Toutes ces images ont en effet un aspect analogique assez troublant: la nuit, les charniers, les bûchers, les rafles autoritaires par des bandes d'épurateurs qui viennent ramasser le bétail sans
le moindre ménagement vis-à-vis de paysans désemparés. Ce sont des images terribles qui
rap pellent des souvenirs terribles.
Dans la Mayenne des porcelets sont passés entre les rouages des machines dont on se sert pour tuer, parce qu'ils
étaient trop petits. Alors on les a jetés vivants dans les brasiers. On ne peut nier que ces scènes d'horreur aient provoqué une prise de conscience, et je crois qu'il appartient à des gens qui ont fait politiquement leurs preuves, non
pas de mélanger hommes et bêtes, en disant trop abruptement qu'il y a entre eux une communauté de destin, mais de dénoncer, au titre de
l'humanité de l'Homme, de la solidarité des vivants et de la lutte contre le commerce mondial, l'élevage intensif en batterie et certains modes barbares de transport et d'abattage.
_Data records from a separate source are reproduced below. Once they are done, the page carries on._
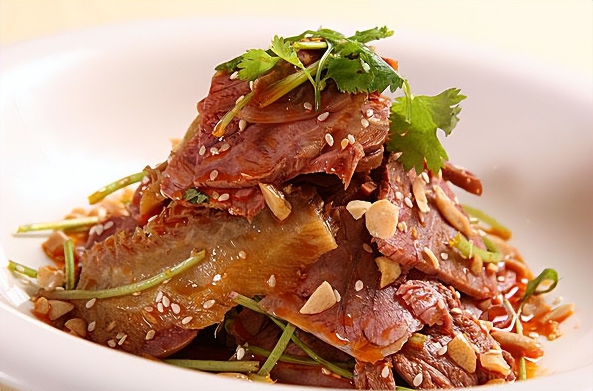 3. 夫妻肺片:夫妻肺片是成都的一道传统名菜,由一对夫妻档创制而得名。这道菜以牛头皮、牛舌、牛肚、牛心、牛肉为主料,制作精细,调味独特,口感麻辣鲜香,深受人们喜爱。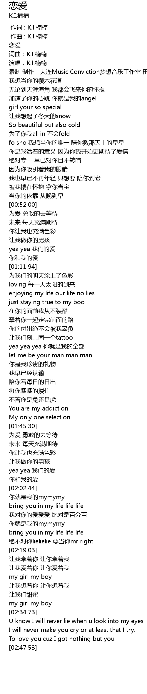 | [00:00.000] | 作词 : K.I.楠楠 |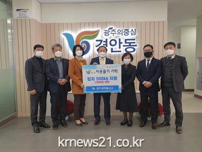 ▲ [사진제공 = 광주시]MG광주새마을금고(이사장 민경남)는 지난 10일 경안동 행정복지센터를 방문, 어려운 이웃에게 전달해 달라며 김치 500㎏(150만원 상당)를 기탁했다.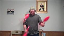 Kyle Petersen completed 117 catches juggling three clubs while hula hooping and balancing on a rola bola.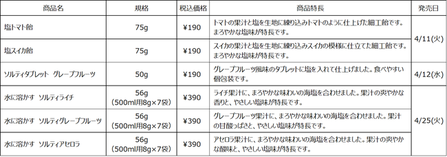 このたび、暑い季節を楽しくおいしく過ごす商品として塩分を手軽に摂取できる6アイテムを新たに発売します。

Cela me paraît plus
urgent que de combattre la chasse ou la corrida qui, comme les sacrifices antiques, ont un riche contenu anthropologique.
Que répondriez-vous à ceux qui pourraient vous
reprocher de succomber au mythe de
«
l'Arche de
Noé» ? Si l'on est néo-darwinien, il faut bien admettre que certaines espèces disparaissent. Par ailleurs d'autres sont artificiellement fabriquées par l'Homme, notamment les races de chiens...
C'est là qu'il faut faire référence de nouveau aux travaux de Patrick Tort qui a mis l'accent sur« l'effet
réversible de l'évolution» (24). Arrivés à un niveau de civilisation conforme à notre degré d'évolution, nous sommes amenés à agir contre la sélection naturelle. Prenons l'exemple du trafic des bêtes exotiques: nous ne pouvons, nous ne devons plus nous conduire en simples agents d'une sélection
naturelle qui ne fonctionne plus comme elle a fonctionné il y a des millions d'années: c'est vrai de nos rapports entre hommes et de nos rapports avec les animaux. Il faut rester vaillamment néo- darwiniens en pensant qu'aujourd'hui le degré de civilisation auquel nous sommes parvenus nous fait veiller sur ce qui est différent, sur des êtres
fragiles et vulnérables. C'est un degré de l'évolution, de l'histoire de la nature donc, mais aussi de
l'histoire humaine qui fait que nous en sommes venus à protéger des êtres vivants.
Ne seriez-vous pas un peu spinoziste ?
Je suis spinoziste quand Spinoza affirme que nul ne sait ce que peut un corps, et quand il définit ce qui est pour lui l'essence d'un être: l'effort pour persévérer dans l'être qui lui est propre (25). Mais sur la question des bêtes, il aurait pu faire mieux!
Si l'on admet l'unité de l'Être, y compris l'unité de l'Être vivant, peut-on dire que la question du
passage d'une forme de l'Être à une autre engage notre responsabilité, nous qui sommes, paraît-il, les plus conscients, qui avons les moyens technologiques de veiller, etc. Est-ce ainsi qu'il faut répondre?
Oui,
exactement! Nous revenons alors à l'ontologie de la vie et à la responsabilité de celui qui peut plus envers celui qui peut moins.